Metrics Configuration
[metric]
interval = 10 # Collection interval (seconds)
sender = "metric" # References sender configuration
Security Considerations
Privilege Requirements
- CAP_BPF: Required for eBPF program loading (kernel 5.8+)
- CAP_SYS_ADMIN: Required for older kernels
- Root Access: Alternative to capabilities (not recommended)
Data Protection
- Payload Filtering: Configurable content-type exclusions
- Sensitive Data Masking: Automatic detection and redaction
- Encryption in Transit: TLS support for server communication
- Local Storage: Optional encryption for disk buffers
Attack Surface
- eBPF Verifier: Kernel-level safety guarantees
- User Space: Standard application security practices
- Network Communication: Standard HTTPS security
- Configuration: File system permissions and validation
Deployment and Usage
Command Line Usage
# Basic usage with default configuration
cargo run --release
# Specify custom configuration file
cargo run --release -- -c /path/to/config.toml
# With sudo privileges (required for eBPF)

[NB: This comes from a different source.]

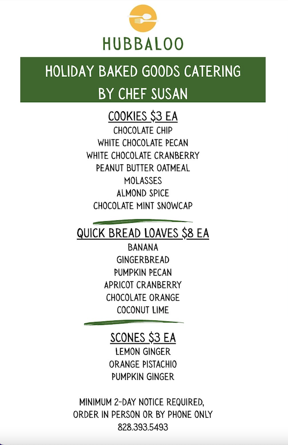Place your holiday orders today! Stop in to reserve your favorites or call 828-393-5493. Minimum 2-day notice required.

sudo cargo run --release -- -c config/deeptrace.toml
Configuration File Location
- Default Path:
config/deeptrace.toml - Custom Path: Specified via
-ccommand line argument - Example Configuration:
config/deeptrace.toml.example
Runtime Requirements
- Privileges: Root or CAP_BPF capability for eBPF program loading
- Kernel Version: Linux kernel with eBPF support
- Dependencies: Rust runtime, libbpf, Elasticsearch (for data storage)
Process Management
- Startup: Agent initializes all modules sequentially
- Shutdown: Graceful shutdown on SIGINT (Ctrl+C)

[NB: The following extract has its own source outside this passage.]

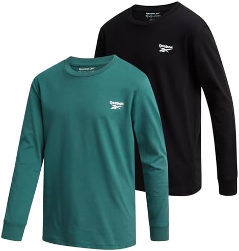 Boys' Long Sleeve Shirt - 2 Pack Basic Cotton Long Sleeve T-Shirt - Crewneck Tee for Boys (8-14)

- State Management: Atomic state management for clean shutdown
- Error Handling: Comprehensive error handling with logging
API Endpoints
The agent provides a REST API for configuration management:
Configuration Update
POST /api/config/update
Content-Type: application/json
{
"agent": {
"name": "deeptrace",
"workers": 4
},
"sender": {
"elastic": {
"node_url": "http://localhost:9200",
"username": "elastic",
"password": "password",
"index_name": "spans",
"bulk_size": 64
}
},
"trace": {
"pids": [1234, 5678]
}
}
API Configuration
# API server settings (part of synchronizer)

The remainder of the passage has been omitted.